Saved entries:
BEGIN

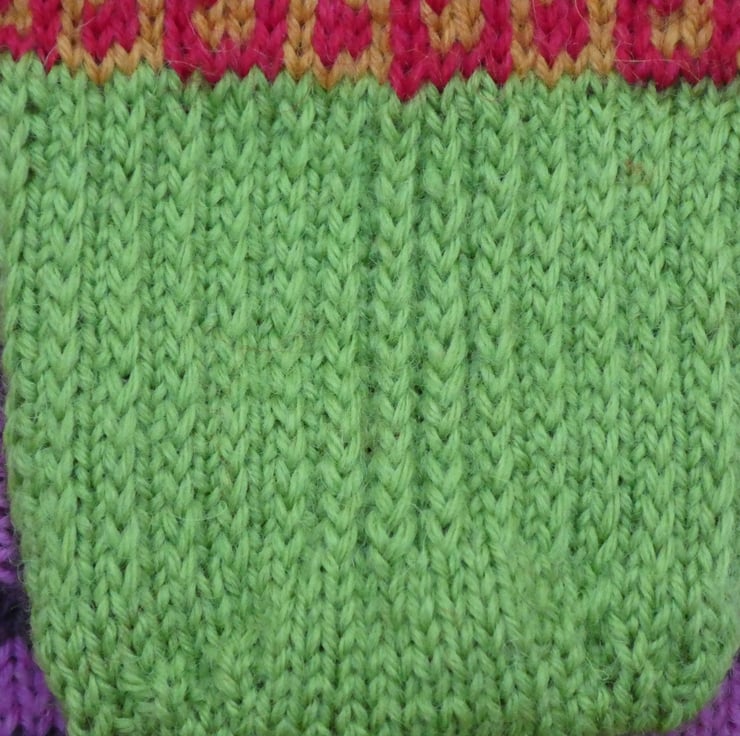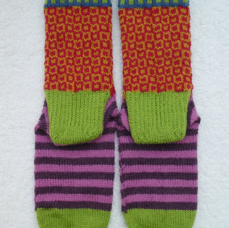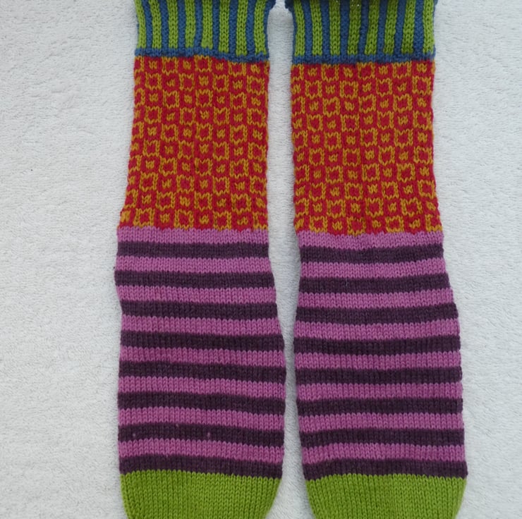 They are knit on 2.25mm DPN's and you will need green, blue, red, gold, pink and purple 4ply sock yarn. These socks have been knit in Drops Fabel 4ply sock yarn.
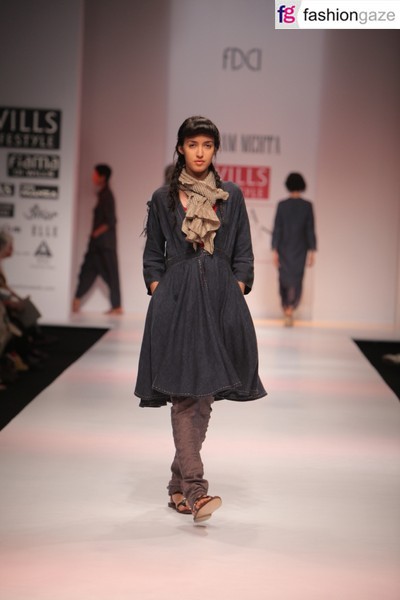 Merging bold kantha stitch with flawed elements was a masterstroke by the designer. Models clad in raw and rustic garments in beige and dull blue were styled with elegant footwear in nutmeg shade. Artful interpretation of damage, aged and weathered made the collection fresh, simple, modest and humble.
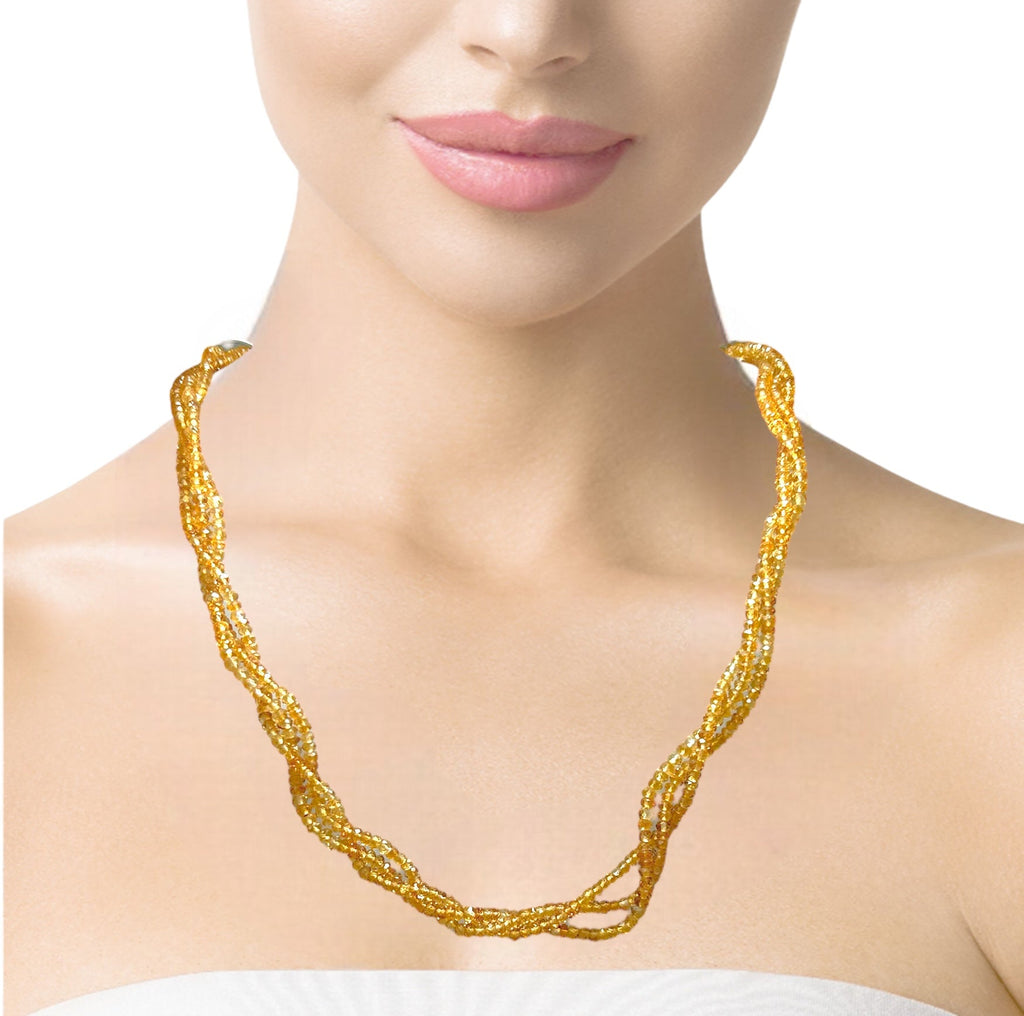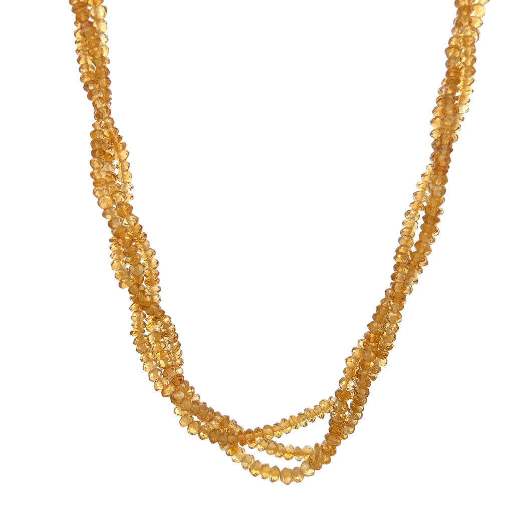 Natural Citrine Rondelle Facet Cut Beads Gemstone Twisted Necklace
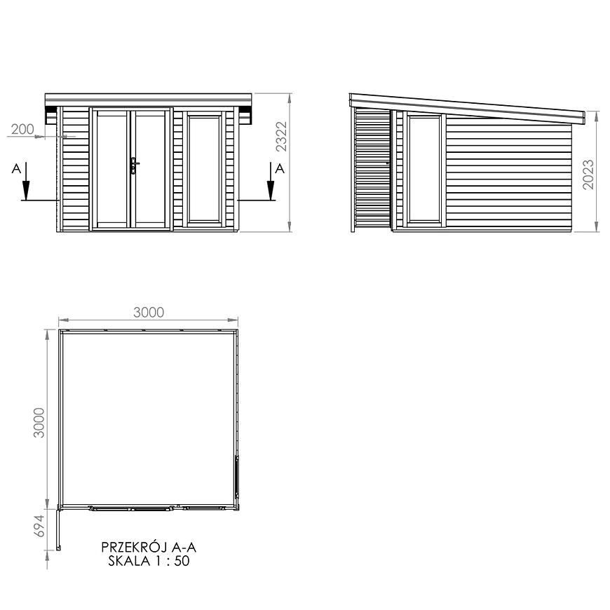 Domek ma wymiary 300 × 369,4 cm, wysokość 232,2 cm i oferuje 8,9 m² powierzchni wewnętrznej, co zapewnia wystarczająco dużo przestrzeni do różnych zastosowań. Ścianki o grubości 28 mm gwarantują stabilność i solidność całej konstrukcji, a wykończenie w naturalnym kolorze drewna podkreśla jego klasyczny, a jednocześnie nowoczesny styl.
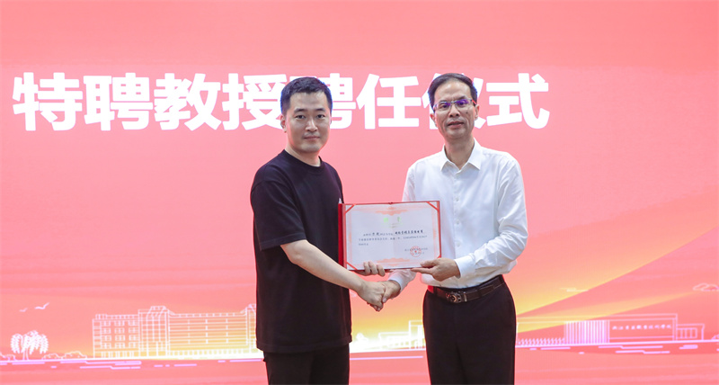 聘任仪式前,校长丁金昌,党委书记、副校长谢鑫,教务部主任罗妮娜,数字商贸学院院长欧阳驹,创意设计学院院长宋连凯等与方剑就教育合作、人才培养等方面进行座谈交流。
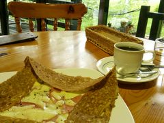 ソバ粉のガレットがメインで食事とデザートに分かれています。出されたガレットがちょっと大きくて、食べきれるか心配になりましたが、生地が薄いのでペロッといけました♪建物はログハウス調でとても素敵です。席からの景色が最高でした!!お土産処もあり、ゆっくり過ごせました。鏡池の目の前なので、散策前でも後でも気兼ねなく立ち寄れると思います。
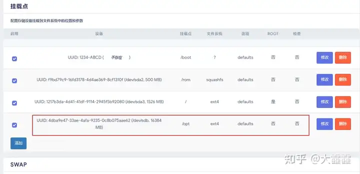 如果你的新硬盘重启后没有自动挂载到opt,请编辑”/etc/rc.local“文件
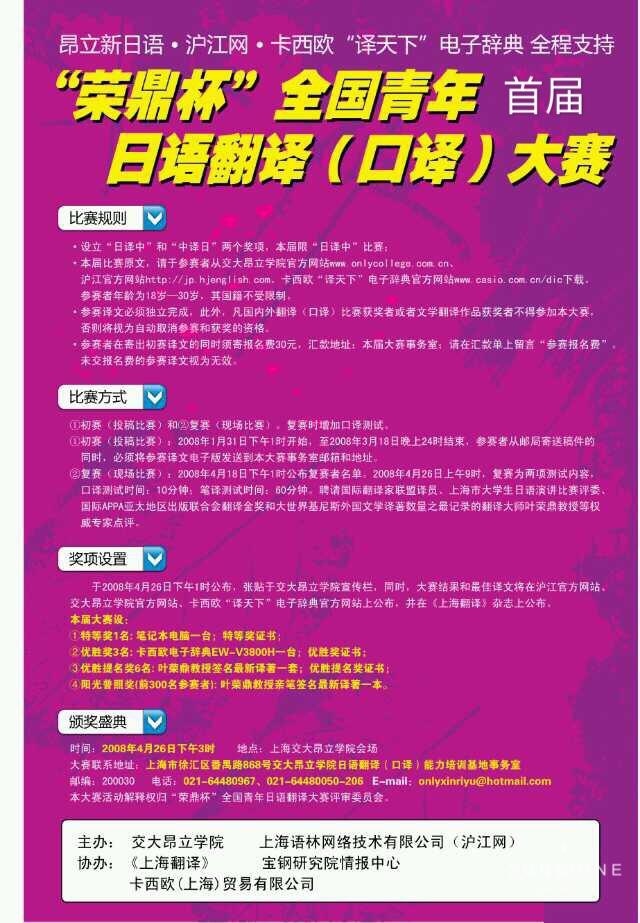 5. 本大賽活動解釋權歸第18屆榮鼎獎全國日漢筆譯口譯大賽評審委員會
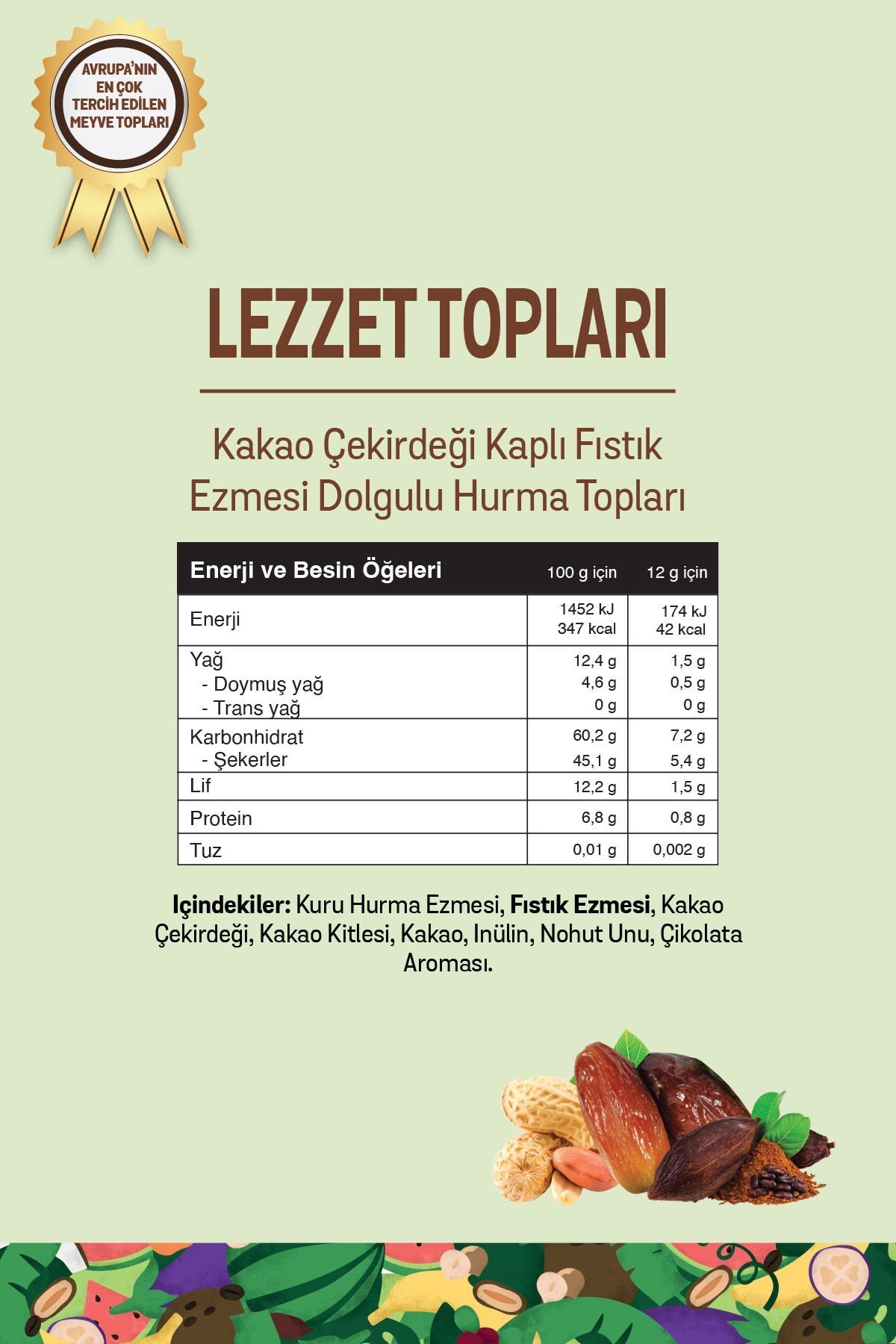 İçindekiler: Kuru hurma ezmesi (%67,80), fıstık ezmesi (%13), kakao çekirdeği (%5), kakao kitlesi, kakao, inülin, nohut unu, doğal çikolata aroması.
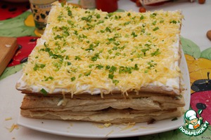 Вот такой закусочный тортик попробовала у друзей, очень понравился, порылась на сайте, не нашла, взяла у них рецепт и выкладываю, что получилось. Если вдруг уже есть что-то подобное, не бейте тапками, честно, не нашла и ела я такое в первый раз, так что лучше говорите, удалю, чтоб не было как с подсолнухами и тирамису ))) А то сама смеялась и выложу очередное «Оливье» )))

END

▶ _WORK REQUIRED_:
Give the data again exactly as written, with all pictures left out.

▶ _SOLUTION TO THIS PROBLEM_:
 They are knit on 2.25mm DPN's and you will need green, blue, red, gold, pink and purple 4ply sock yarn. These socks have been knit in Drops Fabel 4ply sock yarn.
 Merging bold kantha stitch with flawed elements was a masterstroke by the designer. Models clad in raw and rustic garments in beige and dull blue were styled with elegant footwear in nutmeg shade. Artful interpretation of damage, aged and weathered made the collection fresh, simple, modest and humble.
 Natural Citrine Rondelle Facet Cut Beads Gemstone Twisted Necklace
 Domek ma wymiary 300 × 369,4 cm, wysokość 232,2 cm i oferuje 8,9 m² powierzchni wewnętrznej, co zapewnia wystarczająco dużo przestrzeni do różnych zastosowań. Ścianki o grubości 28 mm gwarantują stabilność i solidność całej konstrukcji, a wykończenie w naturalnym kolorze drewna podkreśla jego klasyczny, a jednocześnie nowoczesny styl.
 聘任仪式前,校长丁金昌,党委书记、副校长谢鑫,教务部主任罗妮娜,数字商贸学院院长欧阳驹,创意设计学院院长宋连凯等与方剑就教育合作、人才培养等方面进行座谈交流。
 ソバ粉のガレットがメインで食事とデザートに分かれています。出されたガレットがちょっと大きくて、食べきれるか心配になりましたが、生地が薄いのでペロッといけました♪建物はログハウス調でとても素敵です。席からの景色が最高でした!!お土産処もあり、ゆっくり過ごせました。鏡池の目の前なので、散策前でも後でも気兼ねなく立ち寄れると思います。
 如果你的新硬盘重启后没有自动挂载到opt,请编辑”/etc/rc.local“文件
 5. 本大賽活動解釋權歸第18屆榮鼎獎全國日漢筆譯口譯大賽評審委員會
 İçindekiler: Kuru hurma ezmesi (%67,80), fıstık ezmesi (%13), kakao çekirdeği (%5), kakao kitlesi, kakao, inülin, nohut unu, doğal çikolata aroması.
 Вот такой закусочный тортик попробовала у друзей, очень понравился, порылась на сайте, не нашла, взяла у них рецепт и выкладываю, что получилось. Если вдруг уже есть что-то подобное, не бейте тапками, честно, не нашла и ела я такое в первый раз, так что лучше говорите, удалю, чтоб не было как с подсолнухами и тирамису ))) А то сама смеялась и выложу очередное «Оливье» )))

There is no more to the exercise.